THE INPUT:
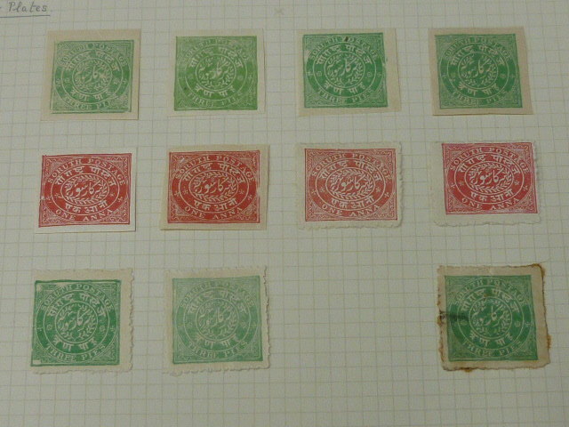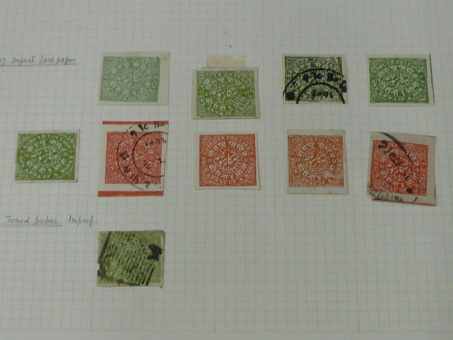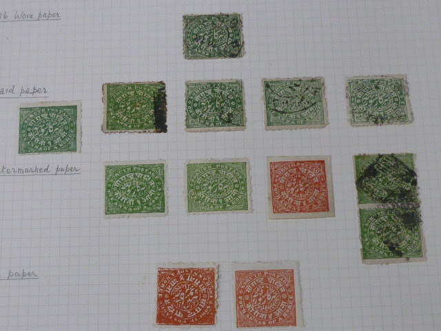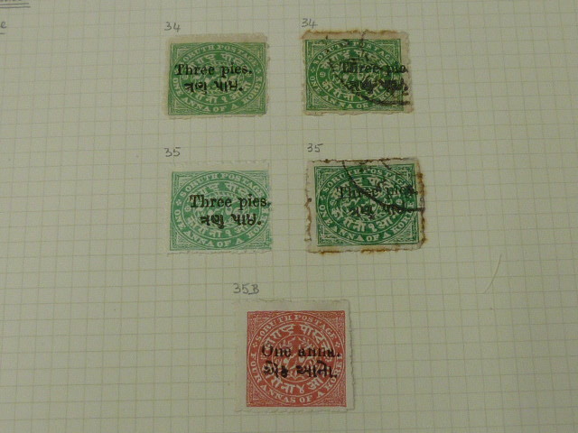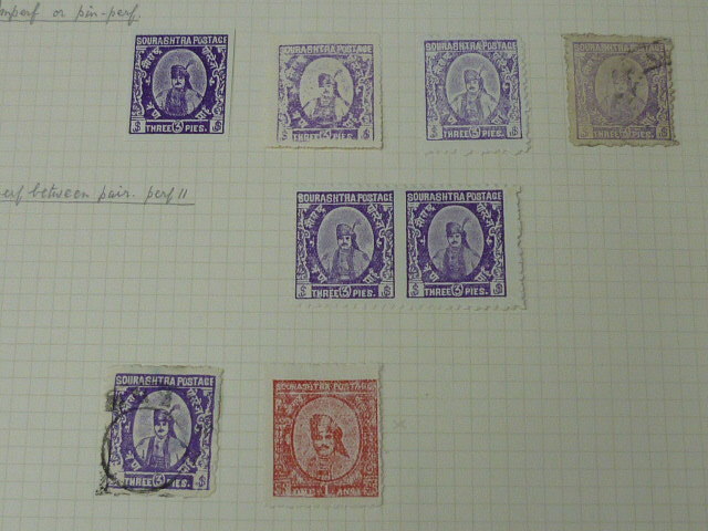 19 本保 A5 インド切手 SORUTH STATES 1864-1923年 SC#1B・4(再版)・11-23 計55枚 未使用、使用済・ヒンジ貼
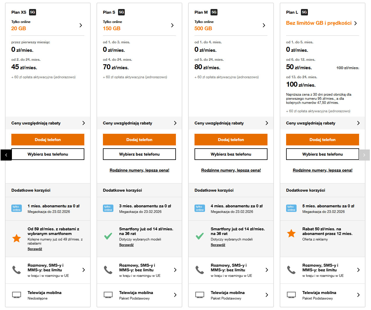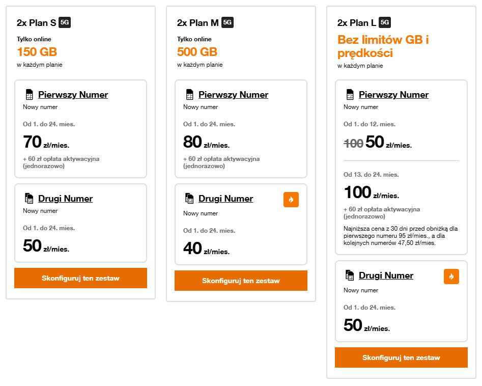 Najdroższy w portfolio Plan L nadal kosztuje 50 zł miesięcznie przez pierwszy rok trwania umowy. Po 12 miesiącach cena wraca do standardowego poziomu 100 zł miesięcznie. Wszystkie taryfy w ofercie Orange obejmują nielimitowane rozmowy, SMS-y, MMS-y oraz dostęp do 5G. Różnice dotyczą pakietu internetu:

---

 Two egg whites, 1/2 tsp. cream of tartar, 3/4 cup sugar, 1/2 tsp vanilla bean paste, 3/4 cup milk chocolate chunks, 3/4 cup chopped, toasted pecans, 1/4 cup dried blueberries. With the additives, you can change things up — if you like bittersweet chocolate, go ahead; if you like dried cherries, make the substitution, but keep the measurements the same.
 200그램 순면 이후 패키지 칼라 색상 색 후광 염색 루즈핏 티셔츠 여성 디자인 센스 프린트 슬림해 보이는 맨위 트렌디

* * *

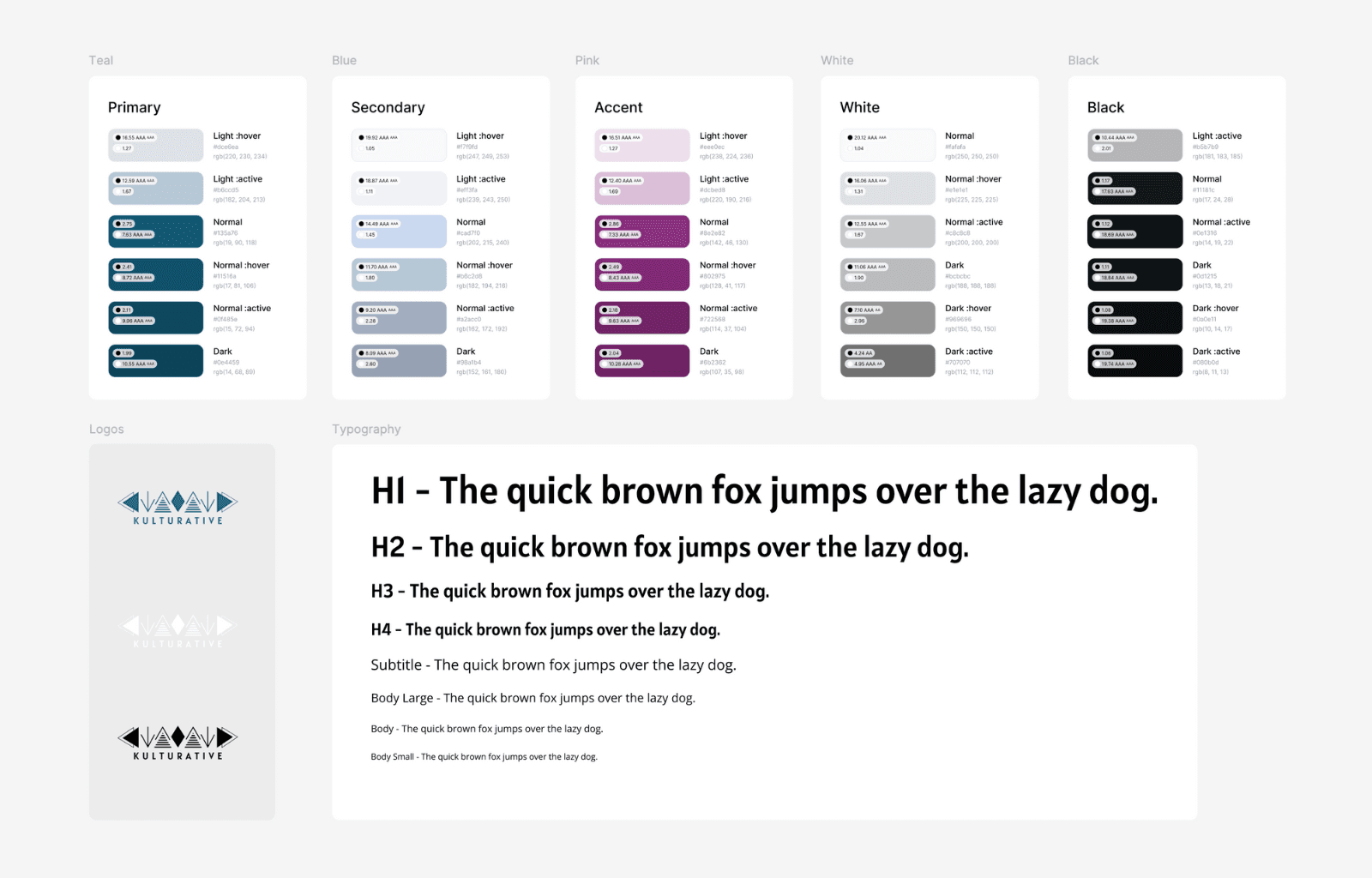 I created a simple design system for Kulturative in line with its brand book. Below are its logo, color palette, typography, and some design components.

WHAT THE TASK REQUIRES:
From the entries above, print the lines beginning at the one with "Two egg whites, 1/2" and stopping after the one with "200그램 순면 이후", exactly as written and with nothing else.

TASK RESULT:
 Two egg whites, 1/2 tsp. cream of tartar, 3/4 cup sugar, 1/2 tsp vanilla bean paste, 3/4 cup milk chocolate chunks, 3/4 cup chopped, toasted pecans, 1/4 cup dried blueberries. With the additives, you can change things up — if you like bittersweet chocolate, go ahead; if you like dried cherries, make the substitution, but keep the measurements the same.
 200그램 순면 이후 패키지 칼라 색상 색 후광 염색 루즈핏 티셔츠 여성 디자인 센스 프린트 슬림해 보이는 맨위 트렌디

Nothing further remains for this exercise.